AIM OF THE TASK.
What the answer must contain is every line of the records, exactly, with no pictures.

### EXERCISE INPUTS

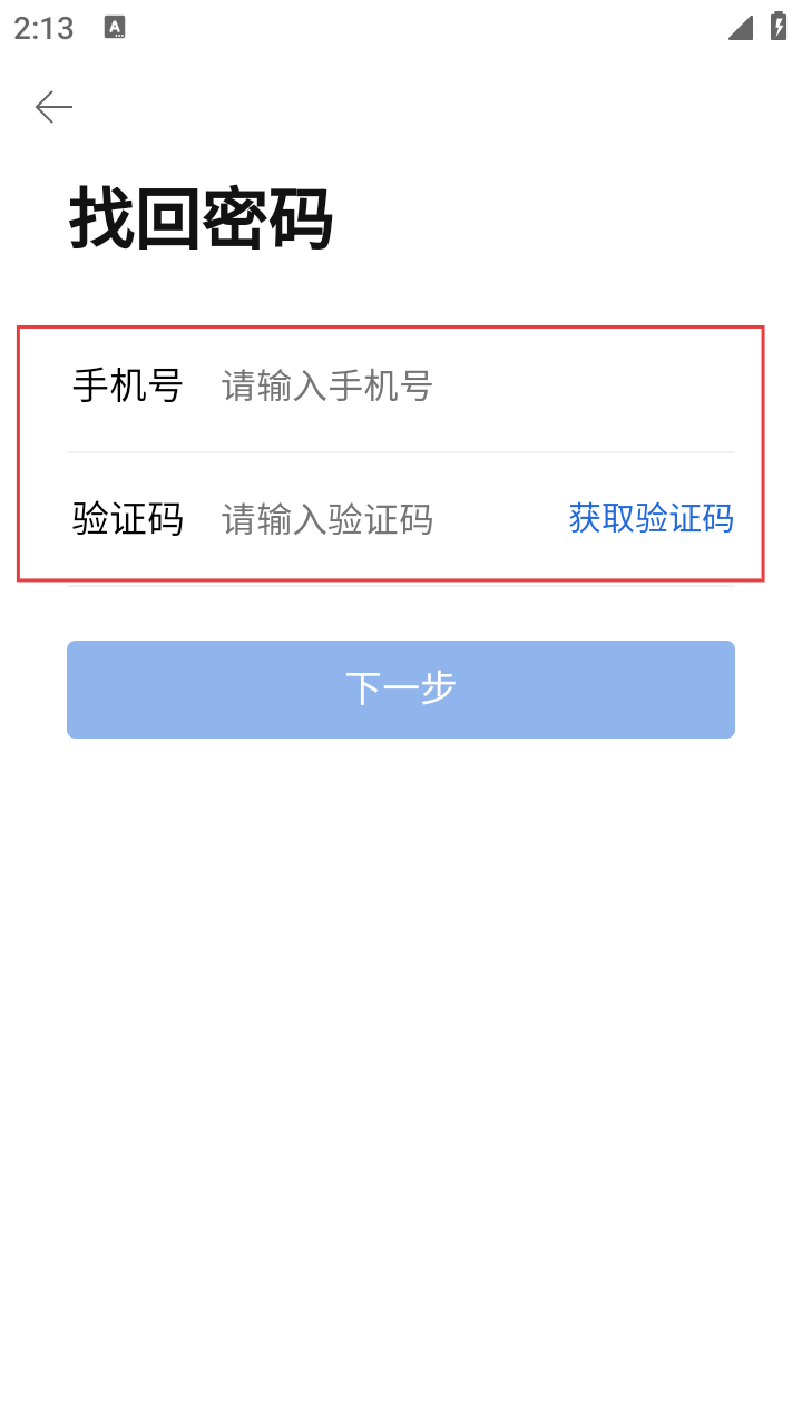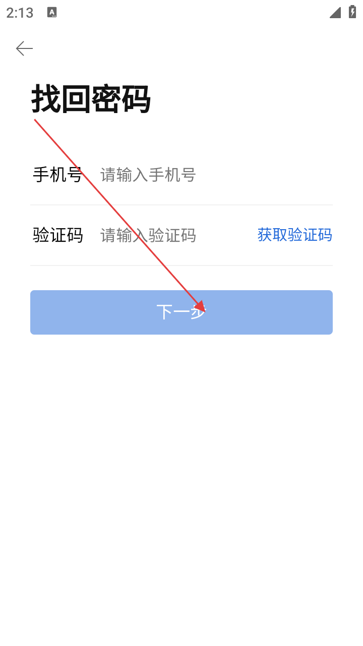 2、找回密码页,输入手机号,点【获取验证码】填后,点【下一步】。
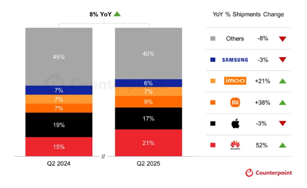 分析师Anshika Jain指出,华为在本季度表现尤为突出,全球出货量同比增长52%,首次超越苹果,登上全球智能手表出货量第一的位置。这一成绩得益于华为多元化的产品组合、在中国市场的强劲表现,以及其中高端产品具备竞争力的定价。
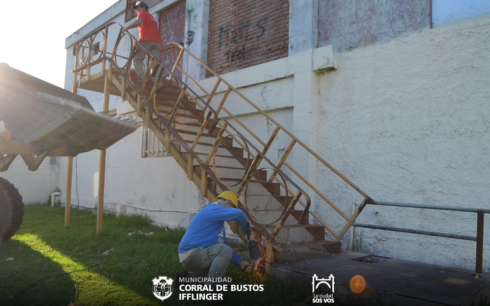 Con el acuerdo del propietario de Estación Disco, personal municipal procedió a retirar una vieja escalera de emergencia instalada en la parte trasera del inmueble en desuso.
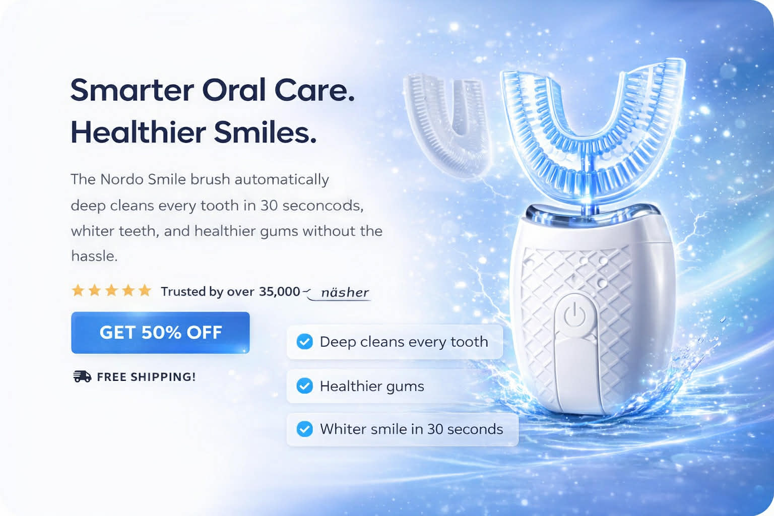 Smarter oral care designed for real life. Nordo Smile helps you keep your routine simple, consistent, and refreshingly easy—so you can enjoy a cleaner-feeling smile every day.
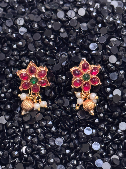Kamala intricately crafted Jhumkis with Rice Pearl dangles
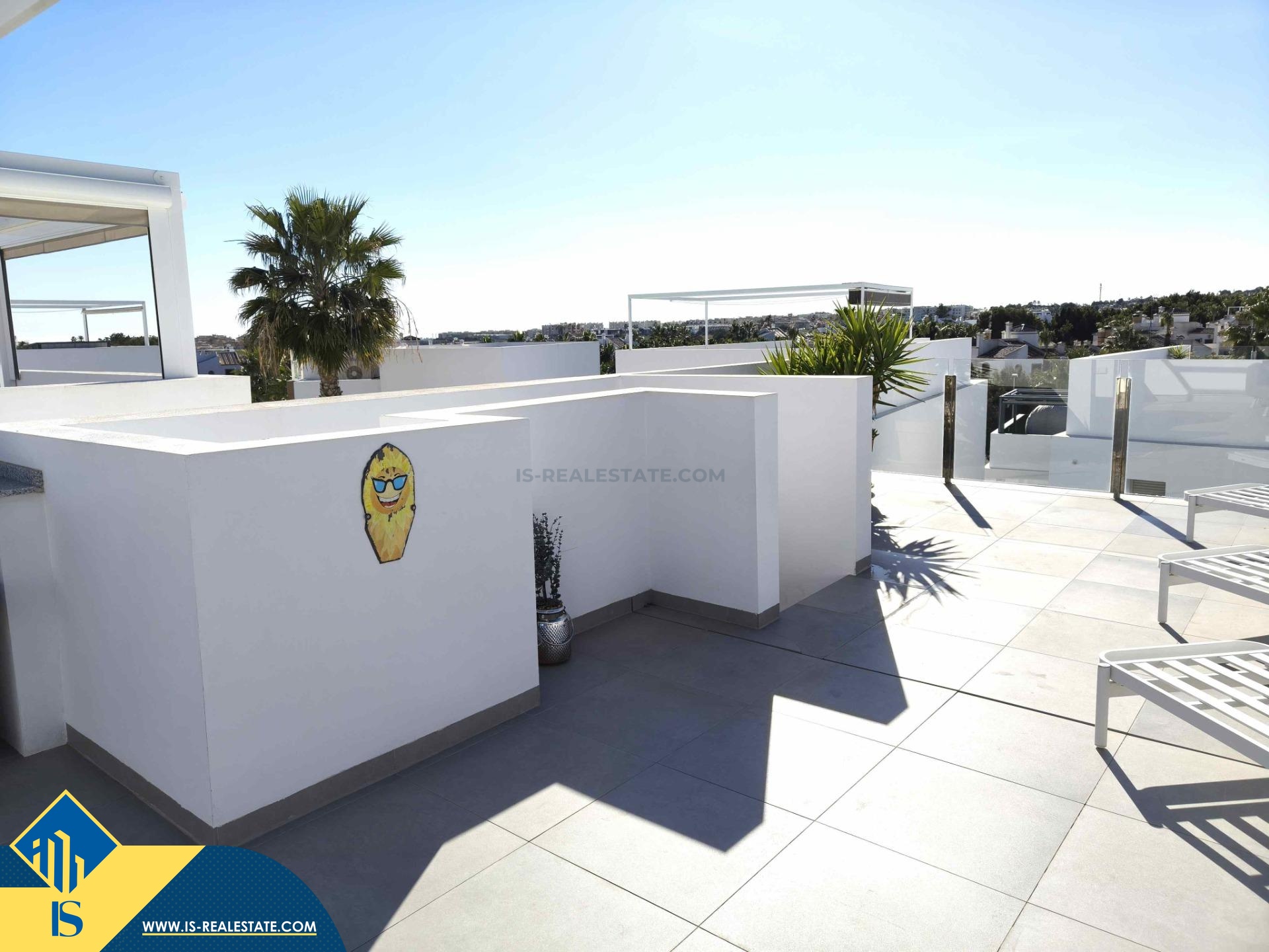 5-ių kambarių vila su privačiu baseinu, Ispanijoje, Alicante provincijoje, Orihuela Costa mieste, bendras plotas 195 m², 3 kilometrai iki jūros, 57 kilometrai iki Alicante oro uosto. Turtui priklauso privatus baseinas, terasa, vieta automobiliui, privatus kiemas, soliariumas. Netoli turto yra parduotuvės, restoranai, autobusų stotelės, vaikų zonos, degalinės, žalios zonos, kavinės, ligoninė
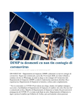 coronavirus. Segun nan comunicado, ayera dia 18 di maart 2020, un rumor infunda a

######

EXERCISE SOLUTION.
 2、找回密码页,输入手机号,点【获取验证码】填后,点【下一步】。
 分析师Anshika Jain指出,华为在本季度表现尤为突出,全球出货量同比增长52%,首次超越苹果,登上全球智能手表出货量第一的位置。这一成绩得益于华为多元化的产品组合、在中国市场的强劲表现,以及其中高端产品具备竞争力的定价。
 Con el acuerdo del propietario de Estación Disco, personal municipal procedió a retirar una vieja escalera de emergencia instalada en la parte trasera del inmueble en desuso.
 Smarter oral care designed for real life. Nordo Smile helps you keep your routine simple, consistent, and refreshingly easy—so you can enjoy a cleaner-feeling smile every day.
Kamala intricately crafted Jhumkis with Rice Pearl dangles
 5-ių kambarių vila su privačiu baseinu, Ispanijoje, Alicante provincijoje, Orihuela Costa mieste, bendras plotas 195 m², 3 kilometrai iki jūros, 57 kilometrai iki Alicante oro uosto. Turtui priklauso privatus baseinas, terasa, vieta automobiliui, privatus kiemas, soliariumas. Netoli turto yra parduotuvės, restoranai, autobusų stotelės, vaikų zonos, degalinės, žalios zonos, kavinės, ligoninė
 coronavirus. Segun nan comunicado, ayera dia 18 di maart 2020, un rumor infunda a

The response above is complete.